When you need to calculate the number of possible ordered arrangements of k items from a set of n distinct items, k-permutations provide the solution.

FAQ

What is the difference between permutations and combinations?
Permutations consider the order of items, while combinations do not. For example, the permutations of ABC include ABC, ACB, BAC, etc., while the combinations would just be ABC.
Can k-permutations be calculated when k > n?
No, k-permutations are only defined when k ≤ n. If k > n, the result is 0 because you cannot select more items than are available.

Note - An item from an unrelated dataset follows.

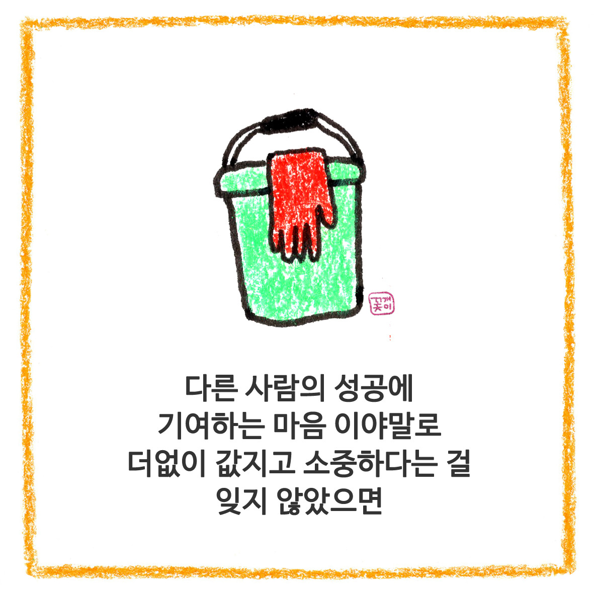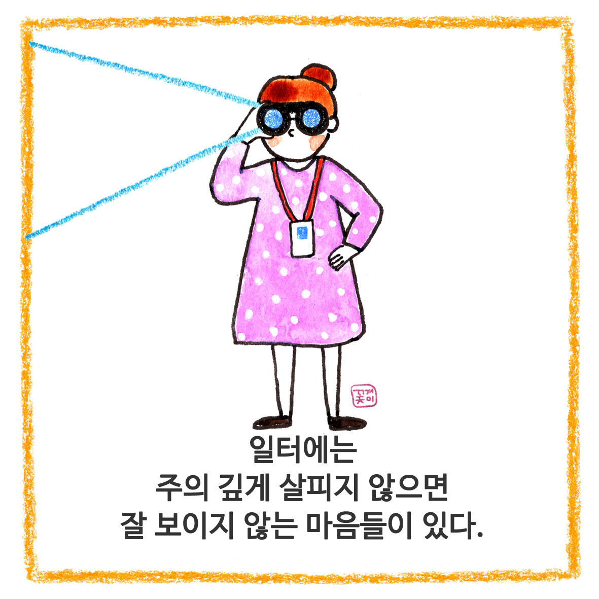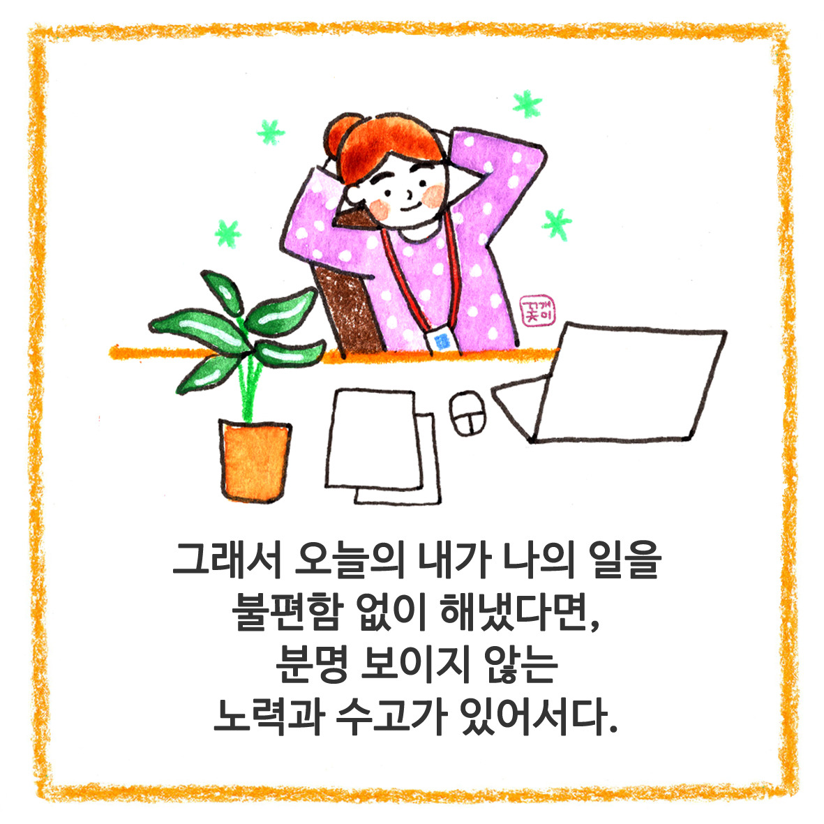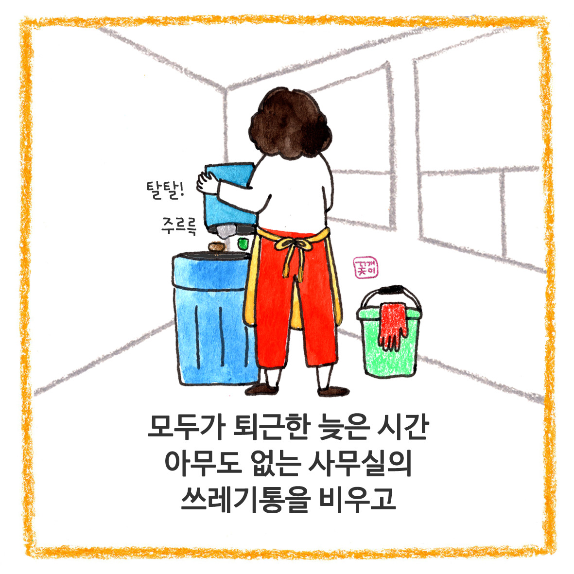 나는 일터에서 당연한 것은 하나도 없다는 이야기를 하고 싶다. 만일 오늘의 내가 나의 일을 아무런 불편함 없이 해냈다면, 그건 분명 누군가는 뒤에서 조용히 애를 쓴 덕분이다. 복사기에 채워진 A4용지, 아침이면 말끔히 비워진 휴지통이 바로 그 증거다. 부디 보이지 않는 이런 마음들을 당연하게 여기지 말고 고맙게 여겼으면. 그것도 어렵다면 그저 함께 일하는 동료의 마음으로 대했으면 좋겠다.

Is there a difference between k-permutations and permutations?
Technically, a permutation is an arrangement of all n items, while a k-permutation is an arrangement of k items from n. So a permutation is the same as an n-permutation.
Can k-permutations be used with repeated items?
No, the standard k-permutation formula assumes all items are distinct and repetition is not allowed. For cases with repetition, you would need a different combinatorial formula.
What is the maximum value that can be calculated with this formula?
The maximum value depends on the programming language and available memory, but for practical purposes, most programming languages can handle factorials up to around 20! before encountering overflow issues.